━━ Task data

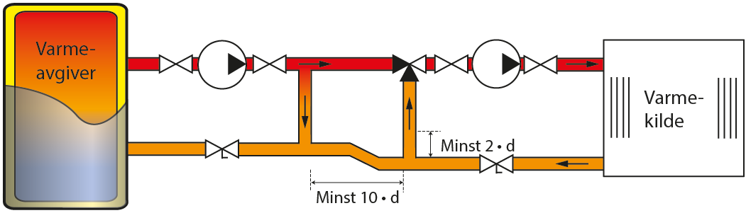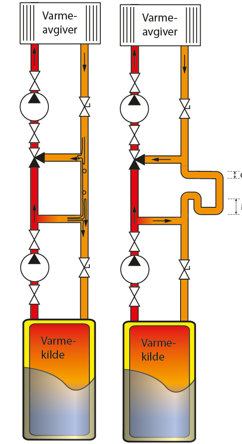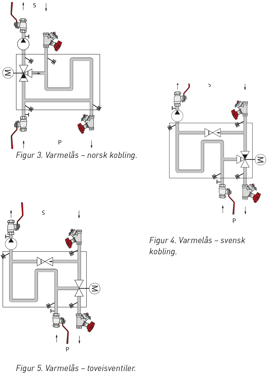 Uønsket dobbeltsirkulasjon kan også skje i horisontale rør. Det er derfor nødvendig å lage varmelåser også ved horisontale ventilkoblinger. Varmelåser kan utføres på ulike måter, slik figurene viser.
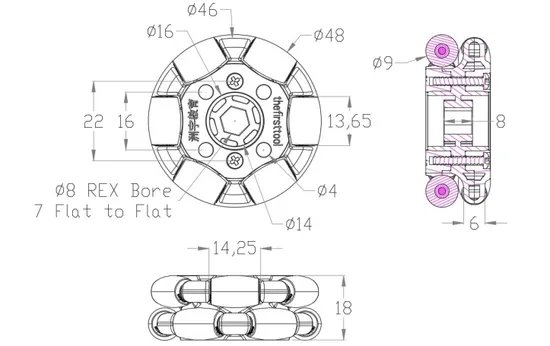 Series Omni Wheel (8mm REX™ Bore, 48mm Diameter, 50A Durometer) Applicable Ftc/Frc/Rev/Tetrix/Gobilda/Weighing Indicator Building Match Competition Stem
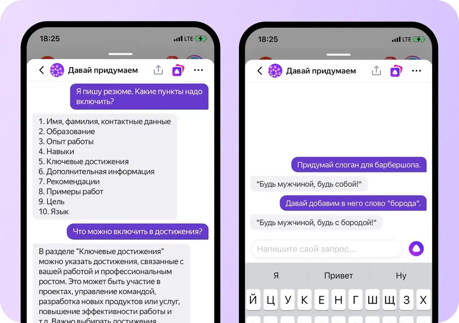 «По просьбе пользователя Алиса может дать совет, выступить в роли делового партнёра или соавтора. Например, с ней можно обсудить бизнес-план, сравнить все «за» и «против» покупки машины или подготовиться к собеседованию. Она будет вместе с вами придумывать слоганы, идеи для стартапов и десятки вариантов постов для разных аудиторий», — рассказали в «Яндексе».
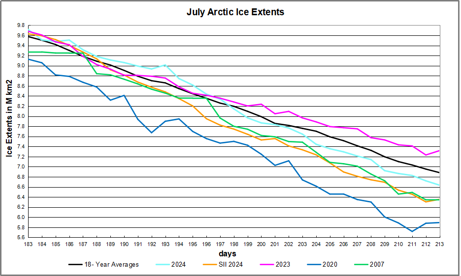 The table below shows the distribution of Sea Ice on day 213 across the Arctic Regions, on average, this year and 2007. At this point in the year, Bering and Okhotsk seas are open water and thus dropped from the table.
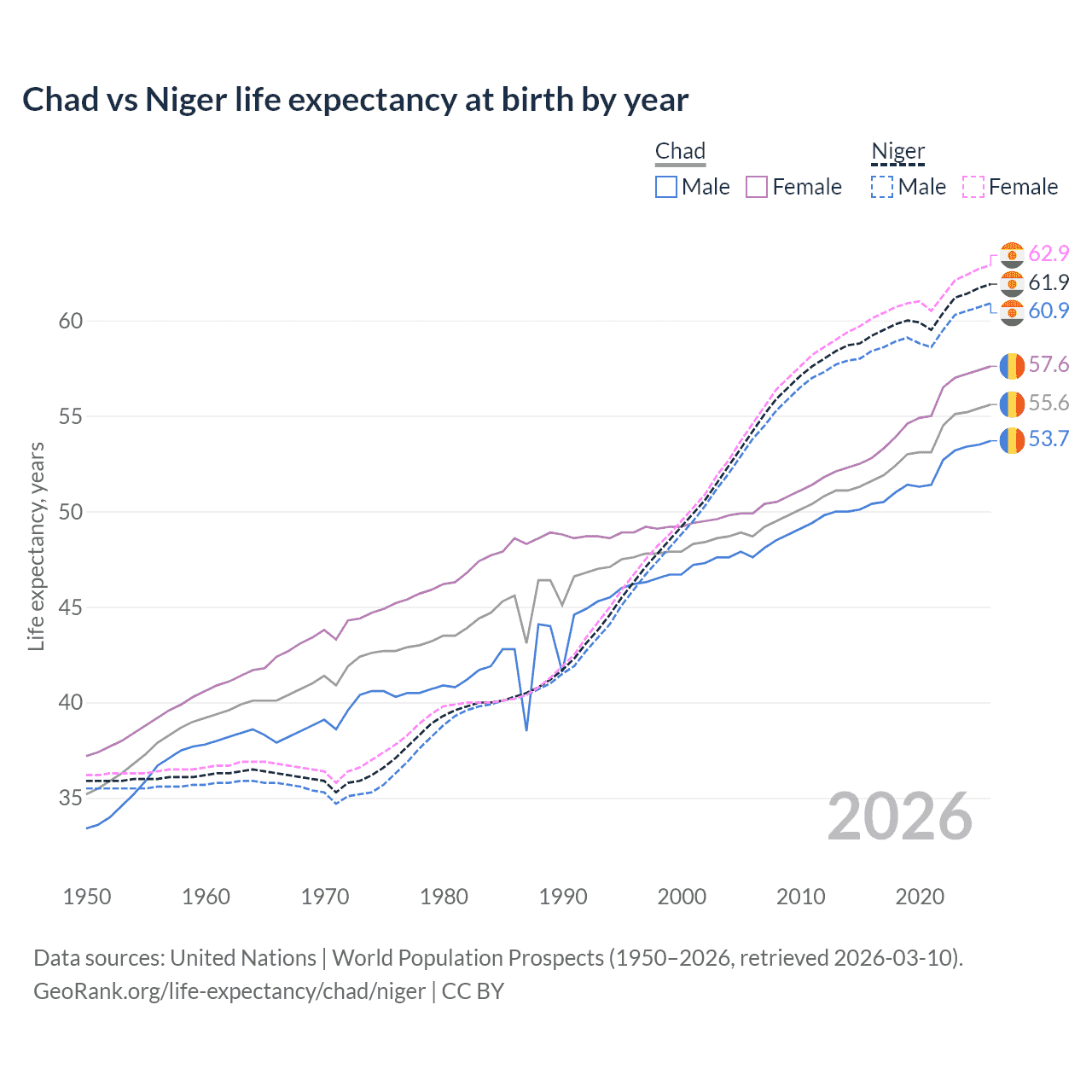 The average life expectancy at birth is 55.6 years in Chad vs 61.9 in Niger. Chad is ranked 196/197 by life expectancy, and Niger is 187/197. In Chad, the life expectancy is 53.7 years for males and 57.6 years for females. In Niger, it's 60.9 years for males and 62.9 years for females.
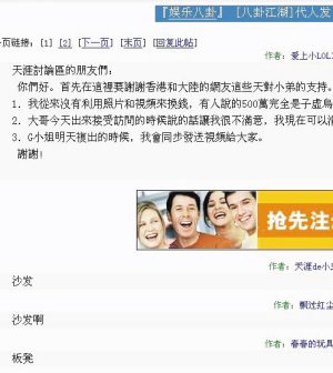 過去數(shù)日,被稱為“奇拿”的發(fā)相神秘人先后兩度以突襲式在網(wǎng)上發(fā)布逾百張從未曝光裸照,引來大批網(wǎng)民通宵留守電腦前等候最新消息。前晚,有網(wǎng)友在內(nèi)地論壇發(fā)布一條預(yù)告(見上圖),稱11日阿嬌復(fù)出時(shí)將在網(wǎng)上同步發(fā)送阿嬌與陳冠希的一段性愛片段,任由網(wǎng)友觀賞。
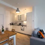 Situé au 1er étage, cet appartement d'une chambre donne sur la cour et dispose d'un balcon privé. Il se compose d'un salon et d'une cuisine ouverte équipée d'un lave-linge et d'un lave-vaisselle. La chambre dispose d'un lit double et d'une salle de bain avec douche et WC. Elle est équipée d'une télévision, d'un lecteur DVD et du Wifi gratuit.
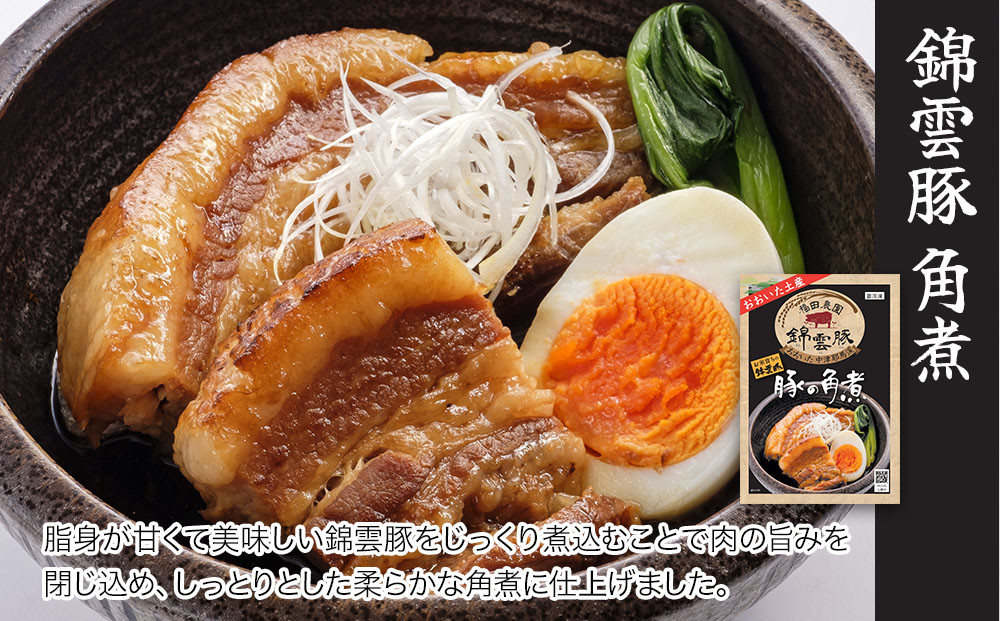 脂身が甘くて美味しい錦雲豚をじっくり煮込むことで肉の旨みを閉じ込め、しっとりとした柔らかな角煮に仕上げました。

━━━━

Your objective
What you give back should be exactly the lines from the top of the data above down to and including the line with "The table below", minus any pictures.

Reply to the exercise
 Uønsket dobbeltsirkulasjon kan også skje i horisontale rør. Det er derfor nødvendig å lage varmelåser også ved horisontale ventilkoblinger. Varmelåser kan utføres på ulike måter, slik figurene viser.
 Series Omni Wheel (8mm REX™ Bore, 48mm Diameter, 50A Durometer) Applicable Ftc/Frc/Rev/Tetrix/Gobilda/Weighing Indicator Building Match Competition Stem
 «По просьбе пользователя Алиса может дать совет, выступить в роли делового партнёра или соавтора. Например, с ней можно обсудить бизнес-план, сравнить все «за» и «против» покупки машины или подготовиться к собеседованию. Она будет вместе с вами придумывать слоганы, идеи для стартапов и десятки вариантов постов для разных аудиторий», — рассказали в «Яндексе».
 The table below shows the distribution of Sea Ice on day 213 across the Arctic Regions, on average, this year and 2007. At this point in the year, Bering and Okhotsk seas are open water and thus dropped from the table.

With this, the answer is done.